Stocks could continue to tread water in the truncated week ahead. Trading is also expected to be thin as market participants take off in the early part of the week. The F&O expiry scheduled next Thursday could keep traders edgy.

Sensex (18,682.3)

The sideways move in the band between 18,530 and 18,800 appears to be the distribution phase before the index takes one more step lower. Sensex could slip lower to 18,442 or 18,218. Short term investors can watch out for the support around 18,200. If this level is breached, the decline can extend to 17,854.

Key short-term resistance is at 18,912. Short-term outlook will remain negative as long as the index trades below this level. But break above this level will mean that the index can head to 19,134.

Medium term target on break above 19,134 would be 19,504.

Our medium-term view has not been altered yet since the index did not decline further last week. Medium-term trend stays positive for the index.

But the index is currently reversing lower from the key medium-term target zone between 18,800 and 19,150. It is possible that a significant peak is already behind us. But we can determine that the medium-term trend has reversed only when the index closes below 17,000.

Nifty (5,684.2)

Nifty moved in a tight band between 5,636 and 5,722 last week. This move appears to be the second wave of the downtrend from 5,815 peak with the third wave down set to drag the index down to 5,663 or 5,596 in the week ahead. Traders can go short in rallies with a stop at 5,750.

Key short-term resistance is pegged at 5,745. Short term outlook will reverse on a move above this level, paving the way for a rally to 5,818. The index will face strong resistance around the previous peak at 5815.

A sharp move above this level will give the next medium term target of 5,933.

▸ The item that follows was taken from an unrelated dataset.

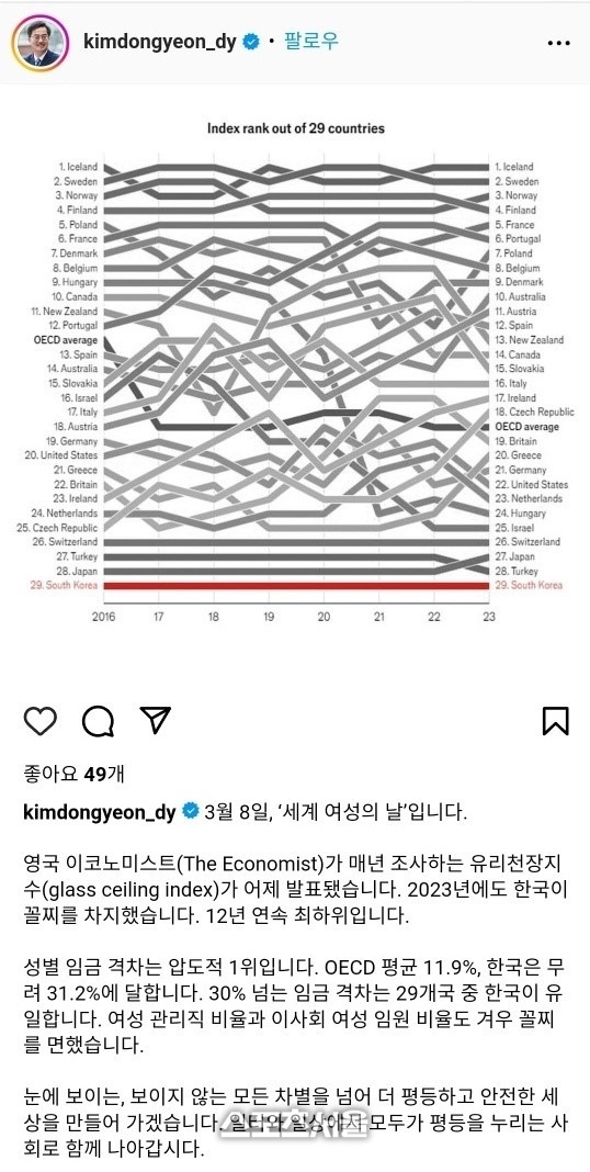 김 지사는 이날 자신의 SNS을 통해 “영국 이코노미스트(The Economist)가 매년 조사하는 유리천장지수(glass ceiling index)가 발표됐는데, 2023년에도 한국이 꼴찌를 차지하며 12년 연속 최하위다”면서 “성별 임금 격차도 압도적 1위로 OECE 평균이 11.9%인데 한국은 무려 31.2%로 30% 넘는 임금 격차는 29개국 중 한국이 유일하다”고 지적했다.

Medium term trend in the index continues to be positive and the index needs to close below 5,420 to make this view negative.

Global cues

Global stock markets did not make any headway last week and closed on a slightly bearish note. Quarterly earnings dominated proceedings on global markets too. There was a sell-off in US stocks on Friday after McDonald and General Electric reported earnings that fell short of forecasts.

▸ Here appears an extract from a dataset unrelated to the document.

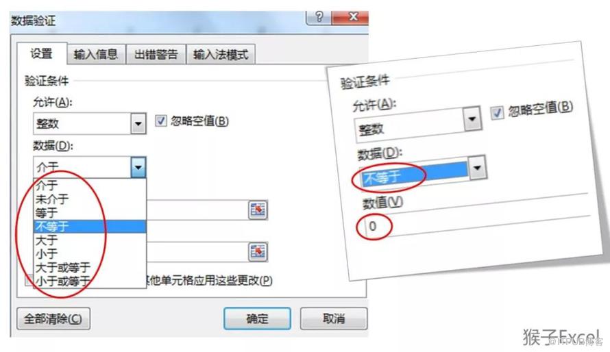 如果你不想输入最大值和最小值的话,可以在“数据”下拉框中选择其他选项,这里我们选择“不等于”,在“数值”处输入“0”即可。

CBOE Volatility Index spiked higher on Friday as US investors rushed to take some profits. This index has been however moving sideways in the band between 13.5 and 17 since the beginning of September.

That this band is positioned close to the index’s long-term support at 13 implies that the mood among US investors continues to be gung-ho.

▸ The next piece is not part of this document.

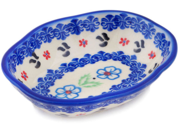 This Polish Pottery Soap Dish is handmade and handpainted by the Ceramika Bona factory in Boleslawiec, Poland. Manufacturer item number H1965R. It is 1½" high and measures 5" by 4¼". The capacity of this Soap Dish is 4.19 oz (brimful) and it weighs 0.4 lbs. It is part of the Sweet Day Collection.

This trend is also reflected in the Dow Jones Industrial Average. The index has been moving sideways in the band between 13,300 and 13,650 since early September. The medium-term trend in this index is up since the low of 12,035 formed in June. A close below 13,000 is required to reverse the medium-term trend downward.

But the fact that the index is struggling to move past the resistance at 13,650 implies that investors need to stay cautious until this level is surpassed.